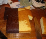 I started with two 12" square cakes - one vanilla, one chocolate. I cut each
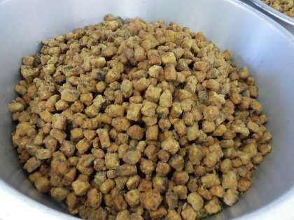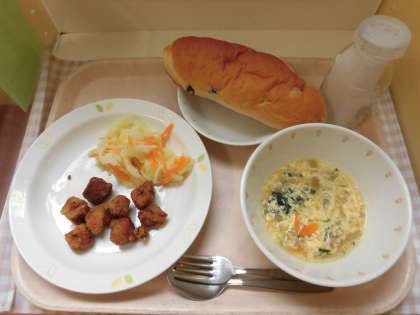 ☆今日の給食は『かつおのかりんと揚げ』です。かつおにしょうゆ みりんと下味を付けて片栗粉をまぶして給食室の大釜で揚げました。かつおは蛋白質や鉄分が豊富で栄養満点です。今後も子ども達が食べやすいようにかつおを取り入れた料理にチャレンジしていきたいと思います。
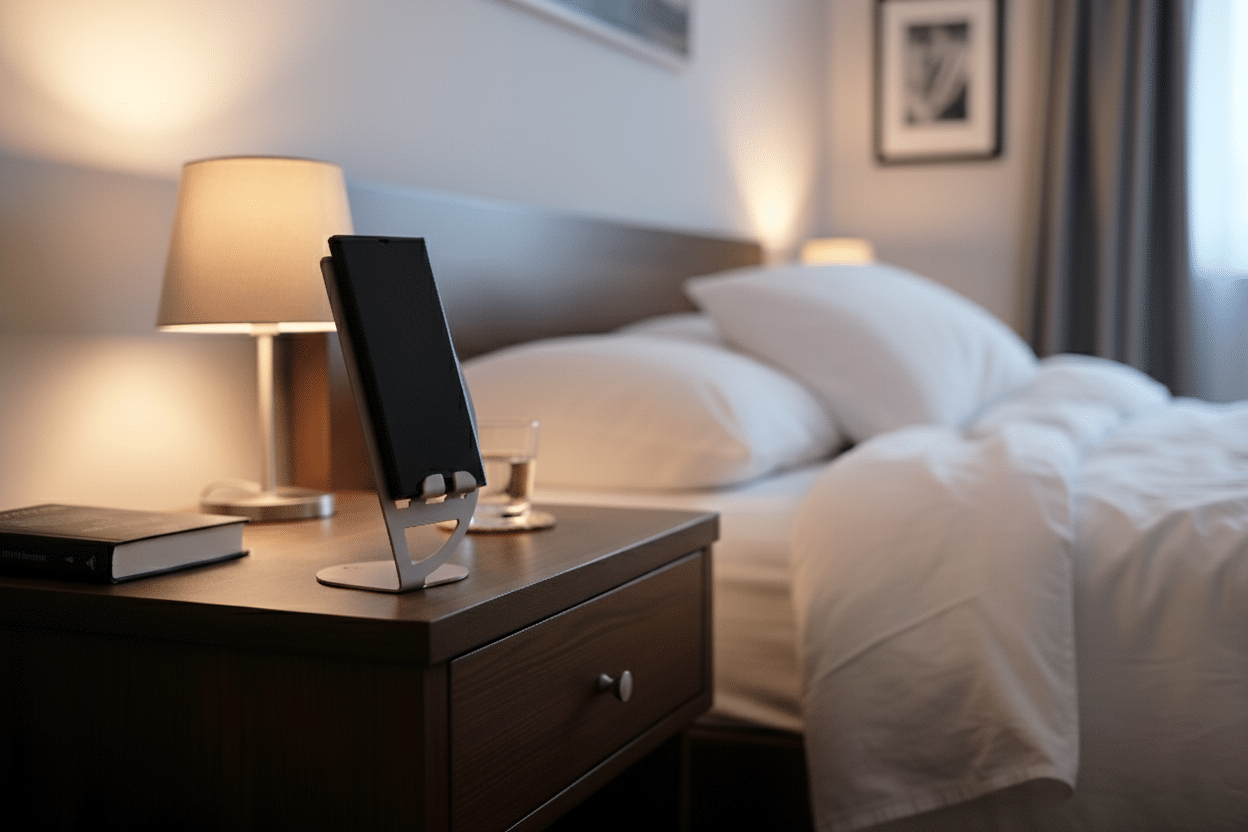 Der Ständer besteht vollständig aus Metall, wodurch er stabil und widerstandsfähig gegenüber täglicher Nutzung ist. Er verbiegt sich nicht und kippt nicht um, selbst wenn das Telefon mit einer Hand bedient wird.
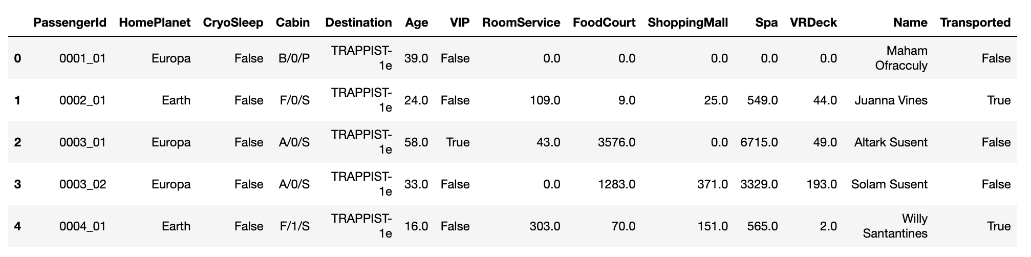 - Transported - Whether the passenger was transported to another dimension. This is the target, the column you are trying to predict.
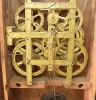 An interesting ebonized case is nice condition in original finish with pagoda top and French feet. The original Birge & Mallory painted wood dial has some burn marks behind the number 12 on the dial that resulted in paint damage. The dial's sliding mirror is missing, but original hands are present. An original Birge & Mallory backboard with label and gong has been fitted to the case. The tablet is by Tom Moberg. Weights are inside the case as there is no room to remove them.
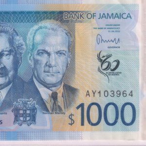 Jamaica – 1000 $ 2022 vf polymer currency W/ fold
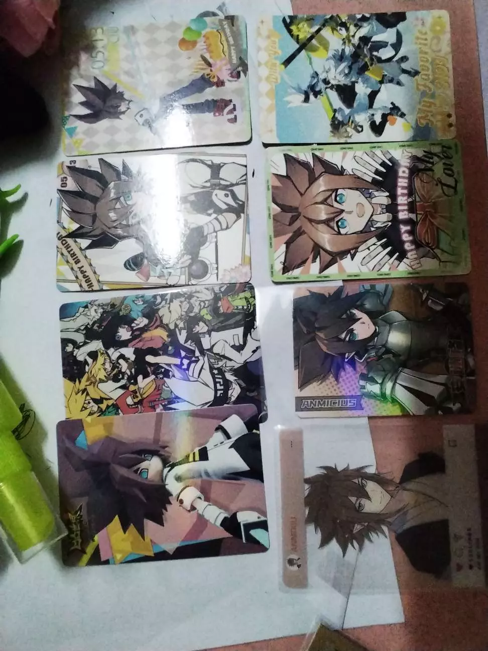 祝安安天天开心,平平安安!诅咒早日恢复!每年的5月13都要笑哦!(27岁体验卡一天!)(安安的吧唧有三个,虽然说是一样的,但找不到了……o(╥﹏╥)o)(虽然最近学业很忙,但还是来给安安庆生啦!)(安安,我为了你花了好五、六百大洋……不过虽然花钱很多很伤心,但是为了安安还是值得的!)(不过希望安安在我抽吧唧和卡的时候拦着一点你师兄,你师兄每次高卡位来的好勤快,吧唧也经常抽到,顺便把嘉德罗斯也拦一下)(安安在我抽卡和吧唧的时候一定要多多来看我哦!❤)(封面是临摹百度一张的图片,画手目前不清楚,如果有人知道画手,还挺麻烦代替我跟那个画手说一声抱歉#,谢谢!)(为什么最多只能传9张!吧唧有些没拍到啊!)(因为反光的原因,所以图片不是很清楚)#安迷修生日快乐 (爱你!安安!)(不开心的时候也不用强颜欢笑哦,希望你能多为自己着想)
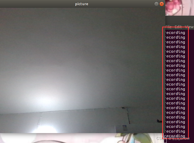 {//打开电脑摄像头VideoCapture cap(0);if (!cap.isOpened()){cout << "error" << endl;waitKey(0);return 0;}//获得cap的分辨率int w = static_cast<int>(cap.get(CV_CAP_PROP_FRAME_WIDTH));int h = static_cast<int>(cap.get(CV_CAP_PROP_FRAME_HEIGHT));Size videoSize(w, h);VideoWriter writer("RecordVideo.avi", CV_FOURCC('M', 'J', 'P', 'G'), 25, videoSize);Mat frame;int key;//记录键盘按键char startOrStop = 1;//0 开始录制视频; 1 结束录制视频char flag = 0;//正在录制标志 0-不在录制; 1-正在录制while (1){cap >> frame;key = waitKey(100);if (key == 32)//按下空格开始录制、暂停录制 可以来回切换{startOrStop = 1 - startOrStop;if (startOrStop == 0){flag = 1;}}if (key == 27)//按下ESC退出整个程序,保存视频文件到磁盘{break;}if (startOrStop == 0 && flag==1){writer << frame;cout << "recording" << endl;}else if (startOrStop == 1){flag = 0;cout << "end recording" << endl;}imshow("picture", frame);}cap.release();writer.release();destroyAllWindows();return 0;
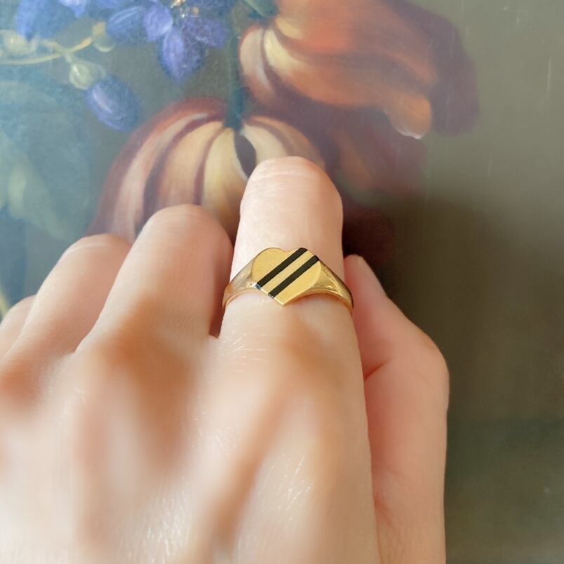 ゴールドの艶感がキラリとしたフェイスに2本溝を作り、そこにブラックオニキスを嵌め込んだ、象嵌つくりのリングです。象嵌とは一つの素材に異質の素材を嵌め込む事をいい、一見シンプルながらも実に手の込んだ作りになったひと品はアールデコからモダンへ以降した当時の面影を色濃く感じる事ができます。
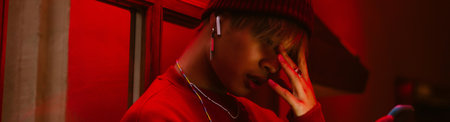 young stylish african american man in futuristic sunglasses posing on pink in blue light
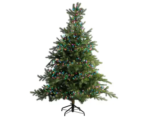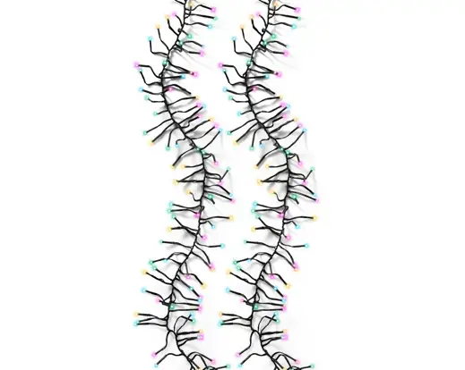 De lampjes stralen in een zachte, multi-colour tint die een speels en kleurrijk effect creëert, perfect voor het toevoegen van een vrolijke sfeer tijdens de feestdagen. Of je nu je kerstboom, een guirlande, een krans of zelfs de buitenkant van je huis wilt versieren, deze verlichting is veelzijdig genoeg voor elke decoratieve toepassing. Het zwarte snoer valt discreet weg tussen de takken of langs de gevel, waardoor de focus volledig op de levendige lampjes ligt.
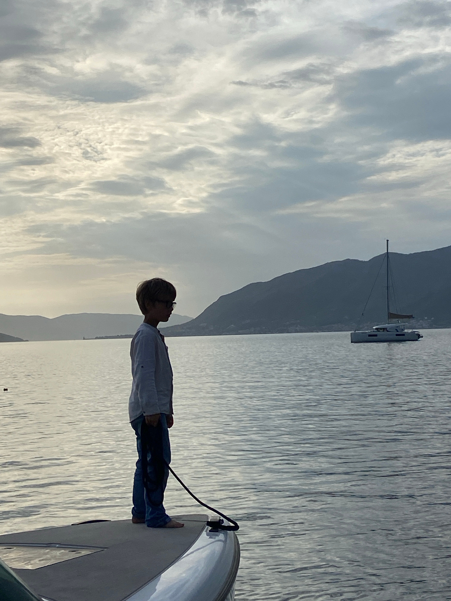 A landscape-oriented photograph captures a scene at the city of Tivat, Montenegro. A boy stands on the bow of a boat, wearing a light-colored shirt, dark pants, and glasses. To the left, puffy white c…read more
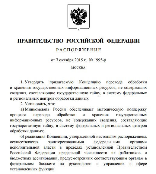 7 октября 2015 года Председатель Правительства России Дмитрий Медведев подписал концепцию «перевода обработки и хранения государственных информационных ресурсов, не содержащих сведений, составляющих государственную тайну, в систему федеральных и региональных центров обработки данных».
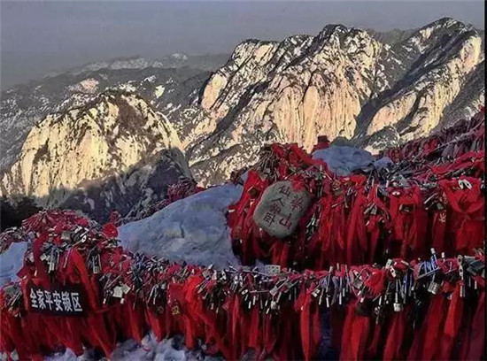 華山的金鎖關(guān)建在三峰口的一座石拱門處,關(guān)北接五云峰,南控華山主峰,東西兩側(cè)壑深千丈,是名副其實(shí)的咽喉要道。杜甫《望岳》詩(shī)中“箭栝通天有一門”指的就是這里。道家認(rèn)為,華岳為仙鄉(xiāng)神府,只有過(guò)了通天門,才算進(jìn)入仙境,所以便有“過(guò)了金鎖關(guān),另是一重天”的民謠。
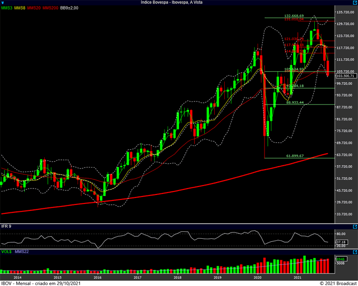 Já no mensal, estamos ainda em queda livre … Após a sinalização de possível correção no mês de junho, com uma shooting star, não temos sinal de que a coisa irá parar por enquanto …
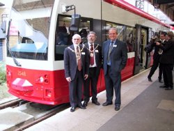 1 Opening Ceremony A ribbon was cut and the VIPs travelled on 2548 to Wimbledon stopping at Phipps Bridge for photos. After the VIPs had returned to Croydon, all trams on the route started carrying passengers at 1200. The First departure from Wimbledon was packed with enthusiasts and passengers and left at 1200 with 2538. This line which uses parts of the former Railtrack Elmers End - Addiscombe and West Croydon - Wimbledon lines opened just a day short of 3 years since the last passenger trains and the final Connex Last In Last Out Railtour ran over these lines on 31st May 1997.
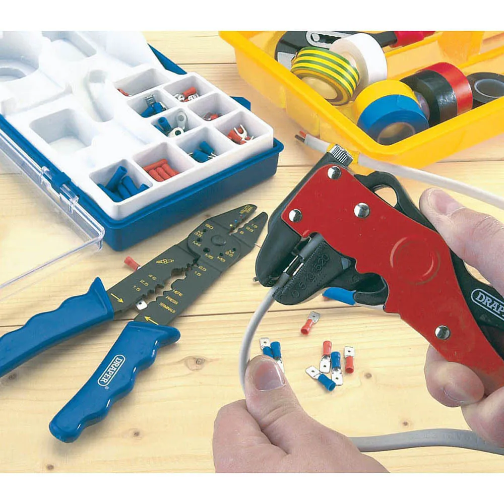 This Draper 6 Way Crimping and Wire Stripping Kit includes a 6 way crimping tool and wire stripper in a handy plastic storage case with approx. 100 insulated crimping terminals.

+ + +

EXERCISE GOAL:
Output every entry verbatim but skip the pictures.

REPLY:
 I started with two 12" square cakes - one vanilla, one chocolate. I cut each
 ☆今日の給食は『かつおのかりんと揚げ』です。かつおにしょうゆ みりんと下味を付けて片栗粉をまぶして給食室の大釜で揚げました。かつおは蛋白質や鉄分が豊富で栄養満点です。今後も子ども達が食べやすいようにかつおを取り入れた料理にチャレンジしていきたいと思います。
 Der Ständer besteht vollständig aus Metall, wodurch er stabil und widerstandsfähig gegenüber täglicher Nutzung ist. Er verbiegt sich nicht und kippt nicht um, selbst wenn das Telefon mit einer Hand bedient wird.
 - Transported - Whether the passenger was transported to another dimension. This is the target, the column you are trying to predict.
 An interesting ebonized case is nice condition in original finish with pagoda top and French feet. The original Birge & Mallory painted wood dial has some burn marks behind the number 12 on the dial that resulted in paint damage. The dial's sliding mirror is missing, but original hands are present. An original Birge & Mallory backboard with label and gong has been fitted to the case. The tablet is by Tom Moberg. Weights are inside the case as there is no room to remove them.
 Jamaica – 1000 $ 2022 vf polymer currency W/ fold
 祝安安天天开心,平平安安!诅咒早日恢复!每年的5月13都要笑哦!(27岁体验卡一天!)(安安的吧唧有三个,虽然说是一样的,但找不到了……o(╥﹏╥)o)(虽然最近学业很忙,但还是来给安安庆生啦!)(安安,我为了你花了好五、六百大洋……不过虽然花钱很多很伤心,但是为了安安还是值得的!)(不过希望安安在我抽吧唧和卡的时候拦着一点你师兄,你师兄每次高卡位来的好勤快,吧唧也经常抽到,顺便把嘉德罗斯也拦一下)(安安在我抽卡和吧唧的时候一定要多多来看我哦!❤)(封面是临摹百度一张的图片,画手目前不清楚,如果有人知道画手,还挺麻烦代替我跟那个画手说一声抱歉#,谢谢!)(为什么最多只能传9张!吧唧有些没拍到啊!)(因为反光的原因,所以图片不是很清楚)#安迷修生日快乐 (爱你!安安!)(不开心的时候也不用强颜欢笑哦,希望你能多为自己着想)
 {//打开电脑摄像头VideoCapture cap(0);if (!cap.isOpened()){cout << "error" << endl;waitKey(0);return 0;}//获得cap的分辨率int w = static_cast<int>(cap.get(CV_CAP_PROP_FRAME_WIDTH));int h = static_cast<int>(cap.get(CV_CAP_PROP_FRAME_HEIGHT));Size videoSize(w, h);VideoWriter writer("RecordVideo.avi", CV_FOURCC('M', 'J', 'P', 'G'), 25, videoSize);Mat frame;int key;//记录键盘按键char startOrStop = 1;//0 开始录制视频; 1 结束录制视频char flag = 0;//正在录制标志 0-不在录制; 1-正在录制while (1){cap >> frame;key = waitKey(100);if (key == 32)//按下空格开始录制、暂停录制 可以来回切换{startOrStop = 1 - startOrStop;if (startOrStop == 0){flag = 1;}}if (key == 27)//按下ESC退出整个程序,保存视频文件到磁盘{break;}if (startOrStop == 0 && flag==1){writer << frame;cout << "recording" << endl;}else if (startOrStop == 1){flag = 0;cout << "end recording" << endl;}imshow("picture", frame);}cap.release();writer.release();destroyAllWindows();return 0;
 ゴールドの艶感がキラリとしたフェイスに2本溝を作り、そこにブラックオニキスを嵌め込んだ、象嵌つくりのリングです。象嵌とは一つの素材に異質の素材を嵌め込む事をいい、一見シンプルながらも実に手の込んだ作りになったひと品はアールデコからモダンへ以降した当時の面影を色濃く感じる事ができます。
 young stylish african american man in futuristic sunglasses posing on pink in blue light
 De lampjes stralen in een zachte, multi-colour tint die een speels en kleurrijk effect creëert, perfect voor het toevoegen van een vrolijke sfeer tijdens de feestdagen. Of je nu je kerstboom, een guirlande, een krans of zelfs de buitenkant van je huis wilt versieren, deze verlichting is veelzijdig genoeg voor elke decoratieve toepassing. Het zwarte snoer valt discreet weg tussen de takken of langs de gevel, waardoor de focus volledig op de levendige lampjes ligt.
 A landscape-oriented photograph captures a scene at the city of Tivat, Montenegro. A boy stands on the bow of a boat, wearing a light-colored shirt, dark pants, and glasses. To the left, puffy white c…read more
 7 октября 2015 года Председатель Правительства России Дмитрий Медведев подписал концепцию «перевода обработки и хранения государственных информационных ресурсов, не содержащих сведений, составляющих государственную тайну, в систему федеральных и региональных центров обработки данных».
 華山的金鎖關(guān)建在三峰口的一座石拱門處,關(guān)北接五云峰,南控華山主峰,東西兩側(cè)壑深千丈,是名副其實(shí)的咽喉要道。杜甫《望岳》詩(shī)中“箭栝通天有一門”指的就是這里。道家認(rèn)為,華岳為仙鄉(xiāng)神府,只有過(guò)了通天門,才算進(jìn)入仙境,所以便有“過(guò)了金鎖關(guān),另是一重天”的民謠。
 Já no mensal, estamos ainda em queda livre … Após a sinalização de possível correção no mês de junho, com uma shooting star, não temos sinal de que a coisa irá parar por enquanto …
 1 Opening Ceremony A ribbon was cut and the VIPs travelled on 2548 to Wimbledon stopping at Phipps Bridge for photos. After the VIPs had returned to Croydon, all trams on the route started carrying passengers at 1200. The First departure from Wimbledon was packed with enthusiasts and passengers and left at 1200 with 2538. This line which uses parts of the former Railtrack Elmers End - Addiscombe and West Croydon - Wimbledon lines opened just a day short of 3 years since the last passenger trains and the final Connex Last In Last Out Railtour ran over these lines on 31st May 1997.
 This Draper 6 Way Crimping and Wire Stripping Kit includes a 6 way crimping tool and wire stripper in a handy plastic storage case with approx. 100 insulated crimping terminals.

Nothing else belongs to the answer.